On 21 September 1737, when day and night stood even across the world, Damián left his mission riding a mule, with a donkey in tow. He rode westward toward Rancho El Codo, which Alvaro, Benita and their sons now owned, and here he stopped to utter a long prayer for the soul of Domingo Pacheco as it made its way through purgatory to heaven. He spent his first night at the ranch, and rose refreshed and eager for the serious part of his journey.
Not till three days later did he make contact with any Apache; then he came upon a good-sized band which did not include either the squaw or any of the chiefs who had known him earlier, although there were members who had heard of the decent manner in which he had treated other Apache. They made him as welcome as Apache ever did, but he was aware that some of the younger braves resented him and were advising their fellows against any contact with a Spaniard.
In the two days he spent in the Apachería he found some leaders who were willing to listen when he explained about the advantages of Christianity and an orderly life within the Spanish empire. ‘Like me,’ he told them, ‘you will enjoy the full protection of the king.’ He was convinced that the conversion of the Apache was at hand and that God had sent him to be the agent.
But on the third day, in the midst of the most serious explanation of how God and His son Jesus Christ shared responsibilities in heaven, three impatient young braves kicked aside a buffalo skin before which Damián sat, seized him and dragged him to an oak tree, from which they hung him by his thumbs. Then, befo
re the older chiefs could protest, which they showed little inclination to do, the young men stripped the dangling body and began making little cuts across it with their flint scrapers.
They were not deep, just a slash on the arm, or on the leg, but the young men kept darting back and forth, now away from Damián, now toward him, always making another small cut, until his body was red-stained in all its parts.

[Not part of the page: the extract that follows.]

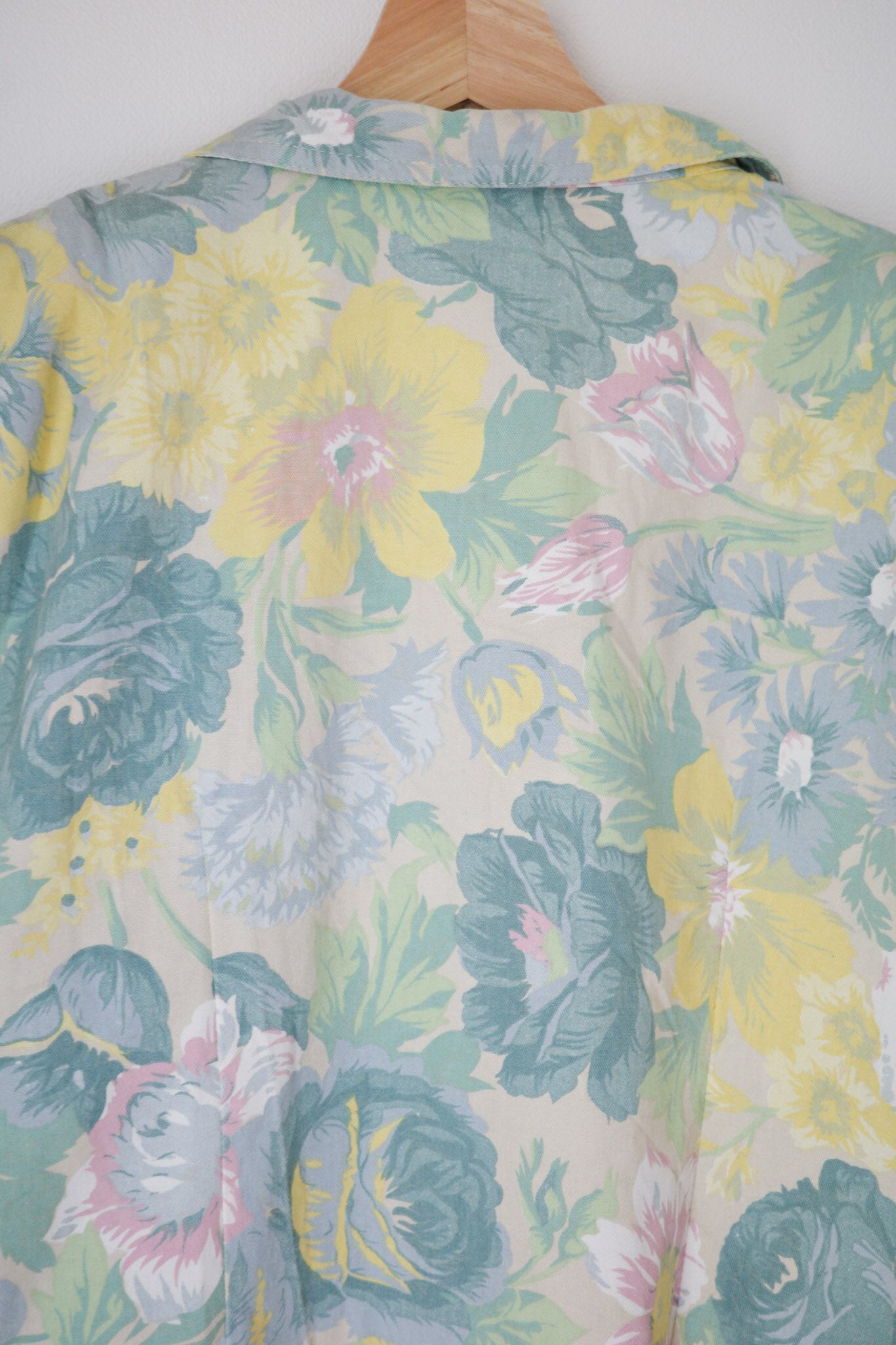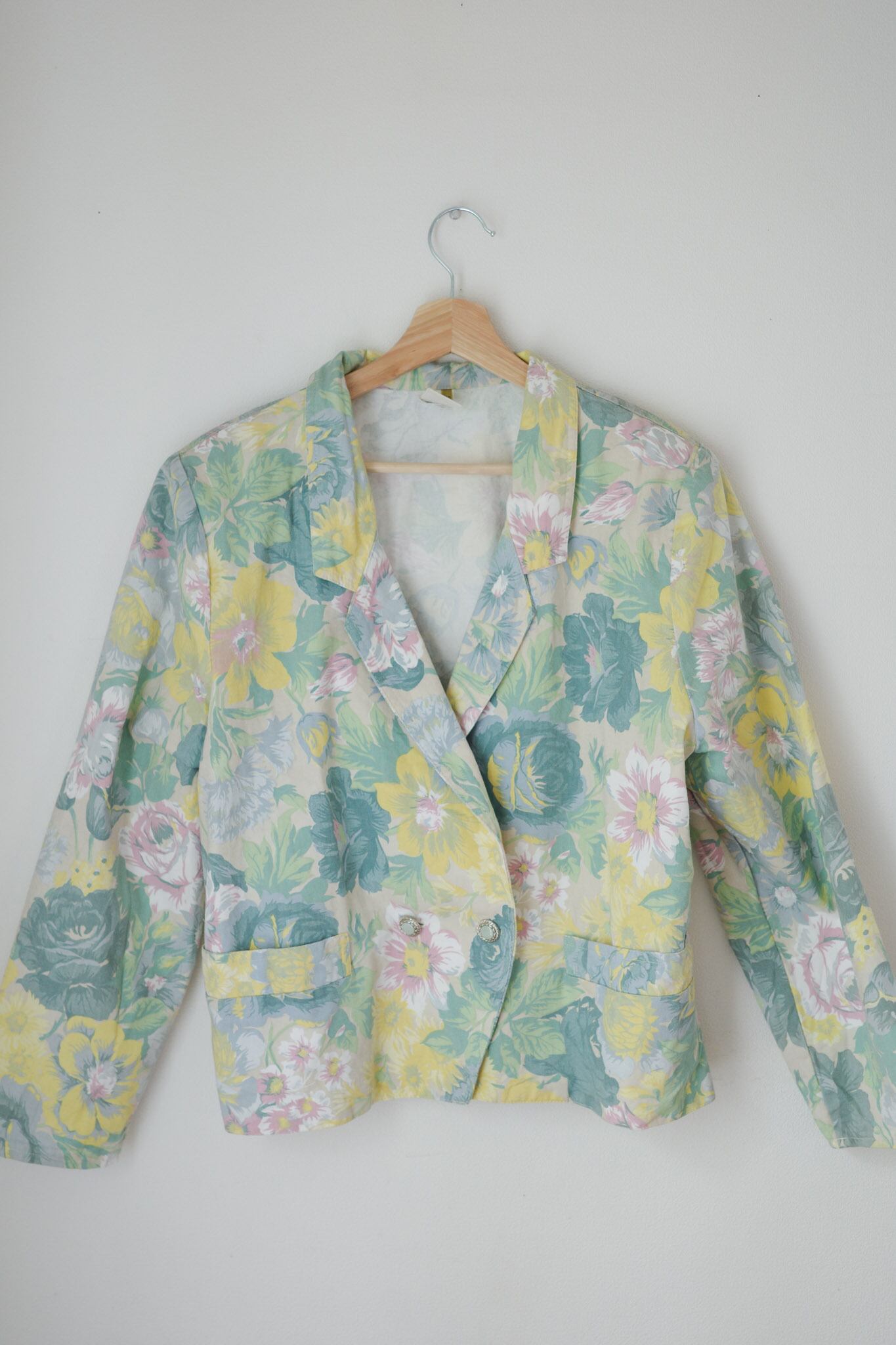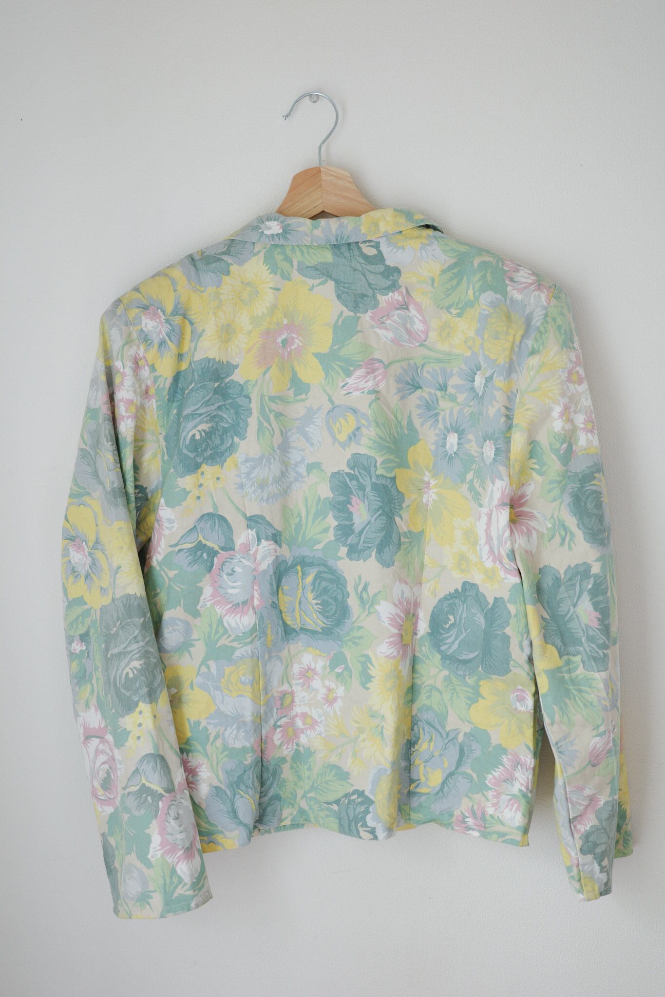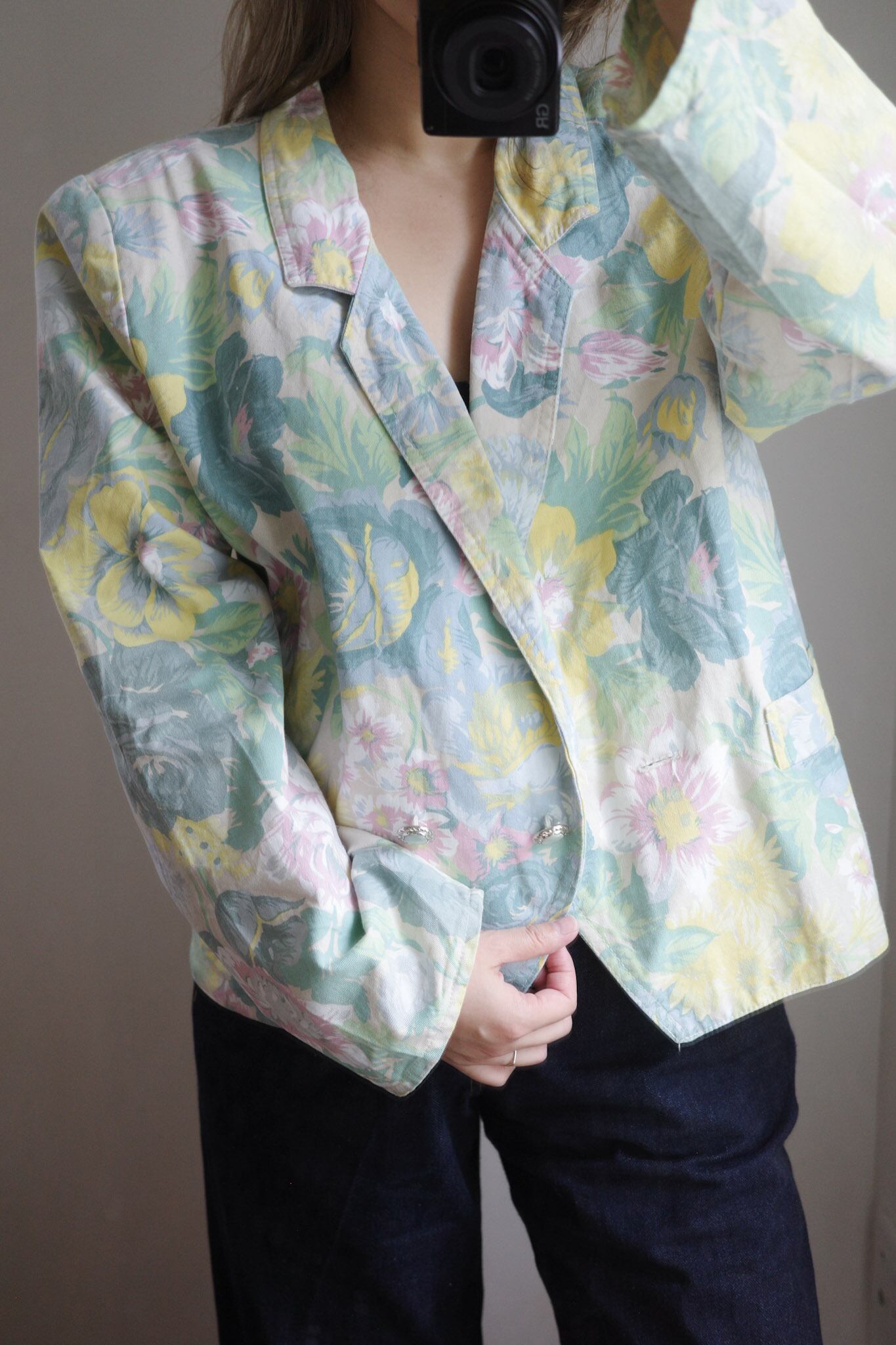 この1980年代のフローラルジャケットブラウスは、ビンテージならではの華やかな花柄とパッド入りのショルダーが特徴的な一着です。日常のコーディネートから特別なお出かけまで、多様なシーンで活躍するアイテムです。

The young men now called upon the women of the tribe, and with obvious delight the squaws joined them, dancing around and making deeper cuts in parts of the body hitherto untouched. One woman, hair falling across her dark face, evil-smelling, was lifted up to cut at the base of his left thumb, not severing it but nearly so; she and her sisters wanted to see how long it took for the weight of the body to pull the damaged thumb apart, and when this happened, and the body swung sideways, suspended only by the right thumb and twirling in a tight circle, the women shrieked with pleasure, and ran back to stab at the body that now gushed blood from various deep wounds.
Damián, still conscious, for no cuts had yet been made in a vital place, held to his belief that this hideous affair was merely a ritual torture, but now two of the women rushed up and made such deep slashes in the lower part of his stomach that a great shudder ran through all his body, visible to his tormentors.
‘He dies! He dies!’ they screamed, and this encouraged other women to dance in and stab at him. One was even lifted high enough so that she could cut at his throat, but this terrible pain Damián ignored, for when he stared at her hawklike face he saw not an Apache woman but Benita Liñán. She smiled at him as she had on that first evening in the paseo, and as his blood spurted she leaned forward to cradle him in her arms.
… TASK FORCE
San Antonio! Loveliest city in Texas, Venice of the Drylands, its river runs right through the heart of town, providing a colorful waterway for festive barges and an exotic riverside walk along which one could promenade forever. How glad I was to be coming back to a city I had cherished as a boy, for this had been my family’s preferred vacation spot.